IB switches has no concept of a L2. There may only be one uniq IP per port from what I know, which the switch needs to learn.

I will investigate a bit more before concluding this is the right way to go.

--HPS

This patch is wrong. I'll updated. It is multicast not link local IPv6, which is the issue. My bad. I'll update this patch.

hselasky retitled this revision from Disable link-local address generation for IPv6 over infiniband to Fix transmission of multicast ICMPv6 traffic for IPoIB.
hselasky edited the summary of this revision. (Show Details)

Updated patch.

sys/net/if_infiniband.c
255

This seems weird as well to me; I would assume that non-directed ICMPv6 traffic has M_MCAST set the below clause would handle that?

Why is ICMPv6 special at all compared to TCP or UDP? While link-layer address resolution works on ICMPv6 level it is not a separate protocol like ARP for IPv4 but above IPv6.

sys/net/if_infiniband.c
186–187

@bz: Have a look here, this is what we do for IPv4.

I'll have a closer look at it.

sys/net/if_infiniband.c
255

It might be the answer is that multicast handling in IPoIB is broken.
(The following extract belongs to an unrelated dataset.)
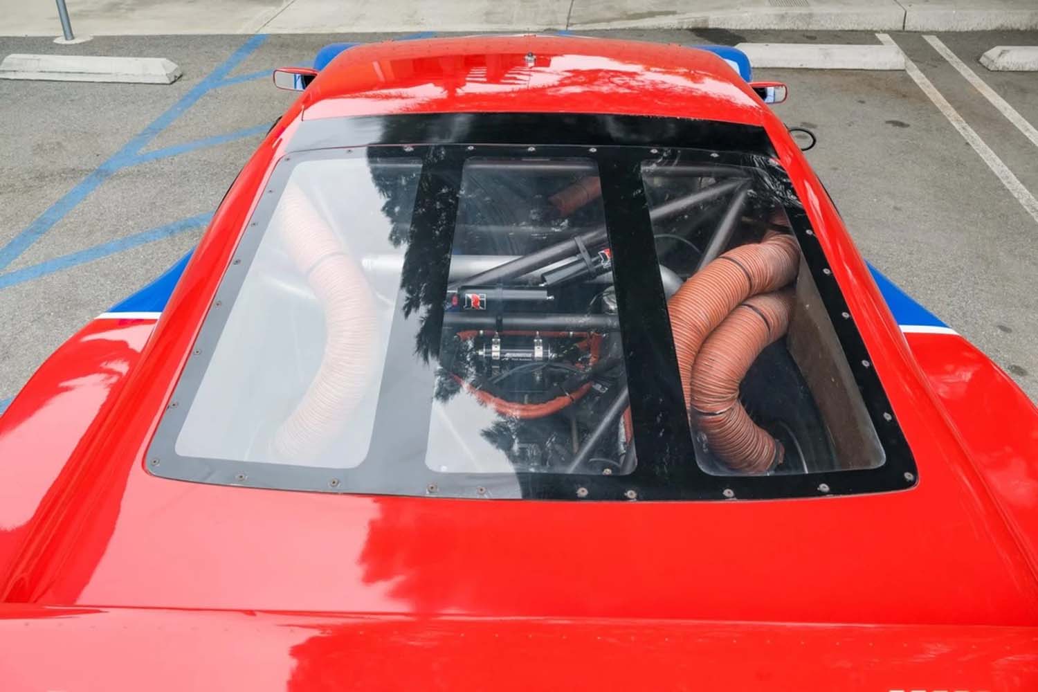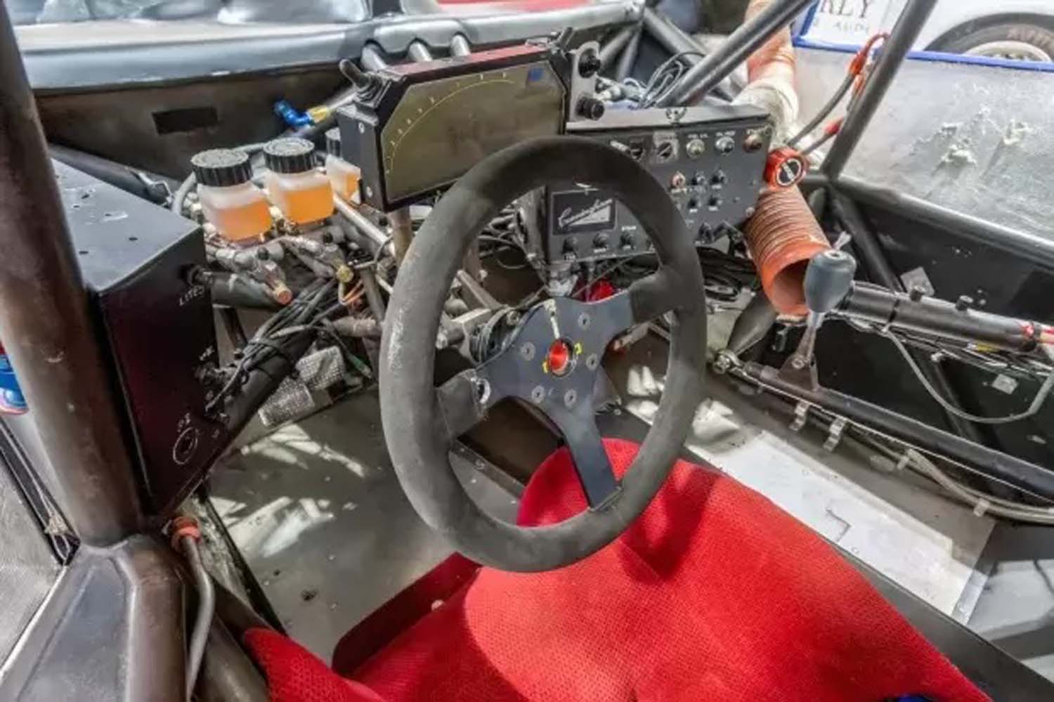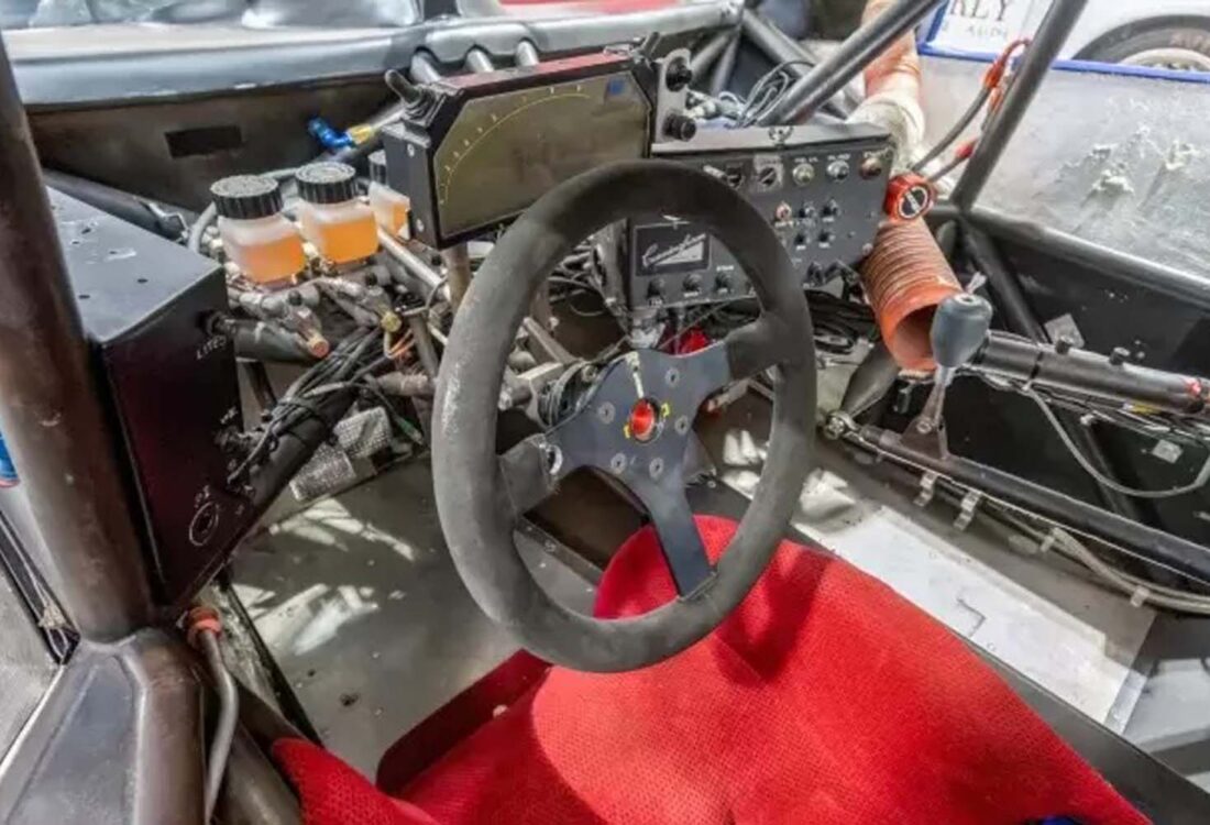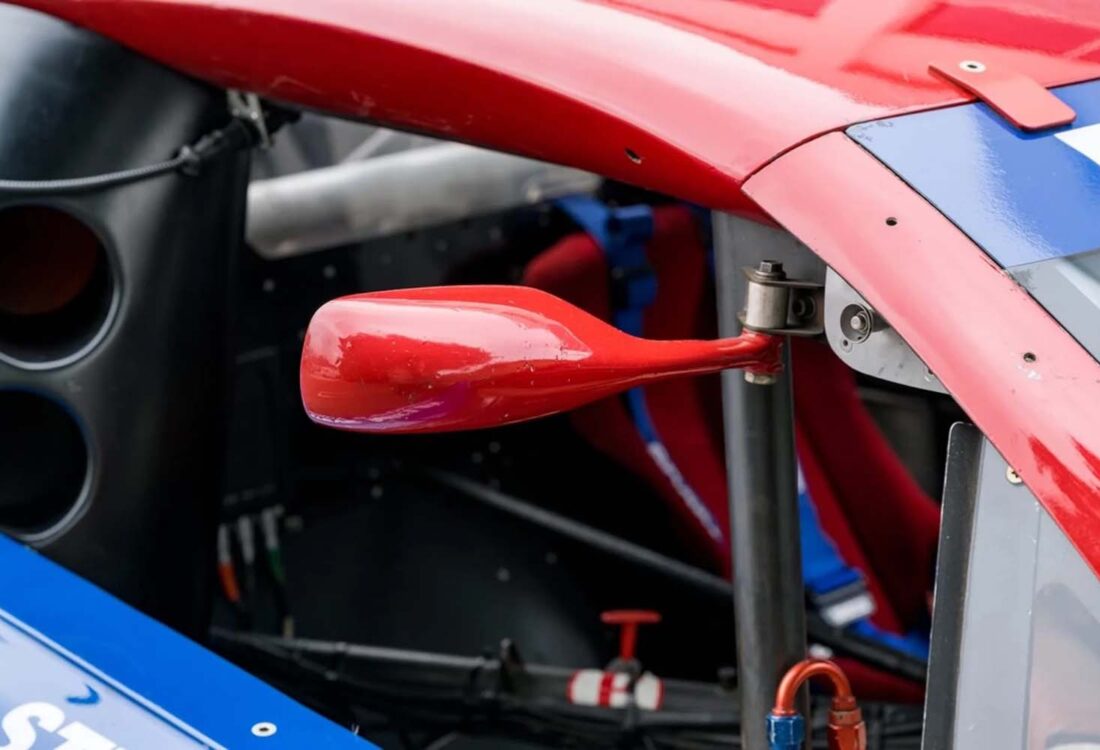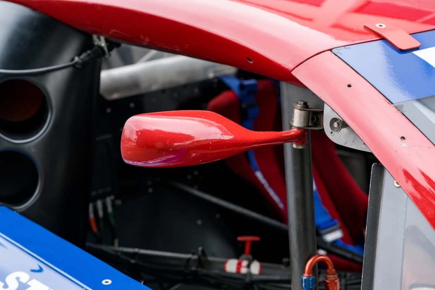 Power is provided by a front-mid-mounted 4.5-liter VH45DE V8 that features electronic fuel injection, coil-on-plug ignition, individual throttle bodies, and dry-sump lubrication. Additional equipment includes carbon-fiber composite bodywork over a long-wheelbase chromoly tube chassis, a Hewland VGC five-speed manual transaxle, adjustable coilover suspension, cross-drilled and ventilated disc brakes, staggered-width 17” BBS wheels, and a single racing seat upholstered in red.

I need to investigate this.

hselasky retitled this revision from Fix transmission of multicast ICMPv6 traffic for IPoIB to Fix handling of broadcast traffic for IP over infiniband.
hselasky edited the summary of this revision. (Show Details)

I think I got it right now, but need to test it a bit more.

sys/net/if_infiniband.c
254

Given there is no BCAST in IPv6, I wonder what this means?

hselasky retitled this revision from Fix handling of broadcast traffic for IP over infiniband to Broadcast fixes for IP over infiniband.
hselasky edited the summary of this revision. (Show Details)

Address comments from @bz .

hselasky added inline comments.
sys/net/if_infiniband.c
254

I just wanted to cases to be symmetric, but like you say there is no BCAST in IPv6, so now the packet is simply dropped.

sys/net/if_infiniband.c
184–185

Sorry, side note: would it be possible to move arp/nd encap logic to if_requesencap callback, so we have it consistent with ether_output() and simplify datapath code?

hselasky added inline comments.
sys/net/if_infiniband.c
184–185

Yes. Weren't you supposed to do that? ;-)

hselasky retitled this revision from Broadcast fixes for IP over infiniband to Streamline infiniband code according to ethernet code.
hselasky edited the summary of this revision. (Show Details)
hselasky added a reviewer: melifaro.

Implement suggestion from @melifaro .

Fix some typos. Zero reserved field.

Fix spelling.

iperf IPv4 and IPv6 test OK.

LGTM.
If it passed IPv4/IPv6 tests and solves the original problem than - good to go? :-)

sys/net/if_infiniband.c
184–185

Yes. Weren't you supposed to do that? ;-)

Well, I guess we misread our dialogue in D26254 :-( Also, unfortunately I don't have IB-capable HW handy.

This revision is now accepted and ready to land.Dec 22 2020, 6:30 PM

It looks good so far, but I want to test it a bit more first.